▶ _EXERCISE AIM_
For the records below, tally the lines that include the word "from" and report the number alone.

▶ _SOURCE MATERIAL_
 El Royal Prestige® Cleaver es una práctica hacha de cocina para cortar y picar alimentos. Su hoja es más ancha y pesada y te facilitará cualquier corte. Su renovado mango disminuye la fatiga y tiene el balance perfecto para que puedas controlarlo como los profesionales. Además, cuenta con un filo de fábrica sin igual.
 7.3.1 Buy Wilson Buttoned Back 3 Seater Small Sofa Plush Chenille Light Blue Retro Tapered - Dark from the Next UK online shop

==

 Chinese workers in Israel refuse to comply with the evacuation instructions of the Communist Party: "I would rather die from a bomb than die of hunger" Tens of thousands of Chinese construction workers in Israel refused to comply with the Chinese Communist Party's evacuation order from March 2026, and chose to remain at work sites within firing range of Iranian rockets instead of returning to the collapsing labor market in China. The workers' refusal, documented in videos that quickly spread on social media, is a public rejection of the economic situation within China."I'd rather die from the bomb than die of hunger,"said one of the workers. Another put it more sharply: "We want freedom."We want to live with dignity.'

==

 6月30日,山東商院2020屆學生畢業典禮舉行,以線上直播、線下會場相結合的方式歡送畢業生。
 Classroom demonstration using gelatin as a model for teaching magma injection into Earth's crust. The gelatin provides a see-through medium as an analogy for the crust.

▶ _YOUR SOLUTION_
2